Steve Mahon

Personal information
- Full name: Steve Leslie Mahon
- Born: 22 January 1965 (age 61) Union, Grenada
- Batting: Right-handed
- Bowling: Right-arm off-spin

Domestic team information
- 1985/86–1992/93: Windward Islands

Career statistics
| Competition | First-class | List A |
| Matches | 17 | 9 |
| Runs scored | 440 | 133 |
| Batting average | 14.66 | 22.16 |
| 100s/50s | 0/0 | 0/0 |
| Top score | 45 | 38 |
| Catches/stumpings | 7/– | 1/– |
- Source: CricketArchive, 4 June 2026

= Steve Mahon (cricketer) =

Grenadian cricketer (born 1965)

Steve Leslie Mahon (born 22 January 1965) is a former Grenadian cricketer who represented the Windward Islands in West Indian domestic cricket. He played as a right-handed middle-order batsman.

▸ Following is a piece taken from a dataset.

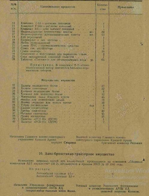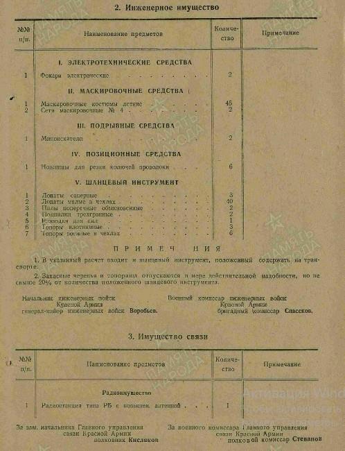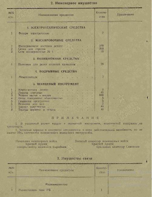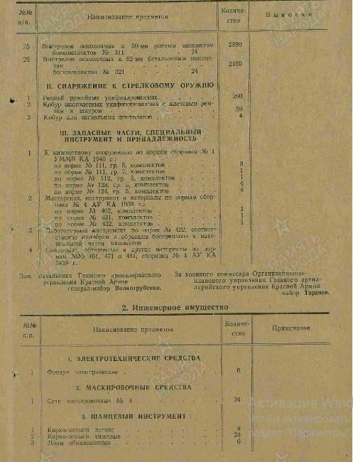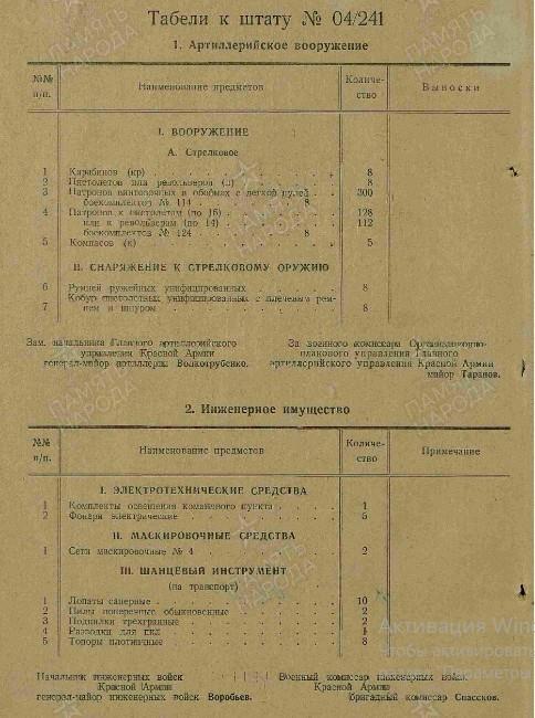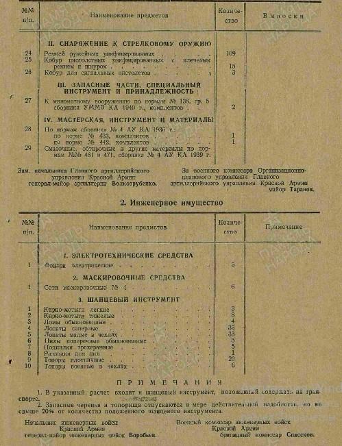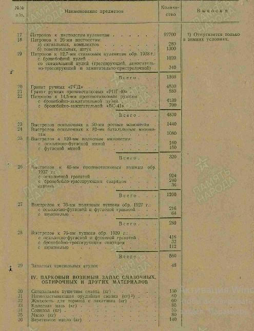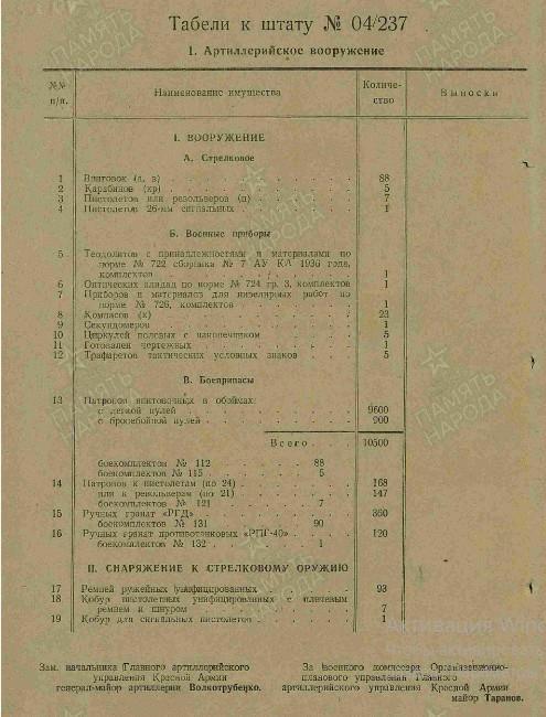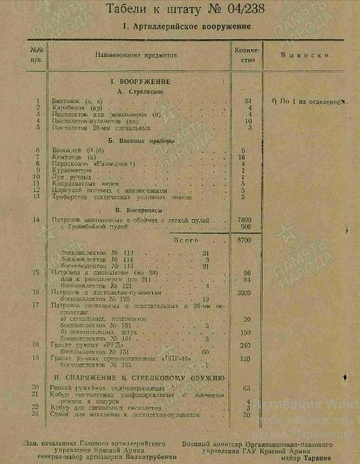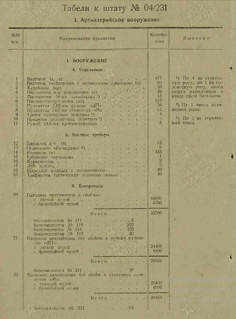 Вооружение: пистолеты и револьверы - 49, винтовок снайперских "СВМ" - 8, винтовок снайперских "СВТ-40" - 18, винтовок самозарядных "СВТ-40" - 374, винтовок - 103, карабинов - 30, пулеметов ручных ДП-27 - 36, пистолеты-пулемёты - 125, пулеметов станковых "М" - 12, противотанковых ружей - 8.
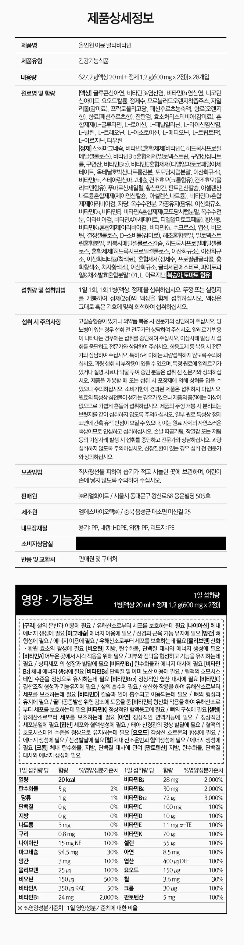 한 병으로 활력 충전 올인원 비타민(1병 20ml*28개입)

Mahon made his first-class debut for the Windwards in January 1986, in a Shell Shield game against Barbados. He made semi-regular appearances for the team into the following decade, in both first-class and one-day competitions, but never established himself in the side for an extended period. In total, Mahon played seventeen first-class and nine List A matches for the Windwards between 1986 and 1993. He never passed fifty in either format, with his highest first-class score being 45 (made against Yorkshire in March 1987) and his highest one-day score being 38 (made against Jamaica in February 1988).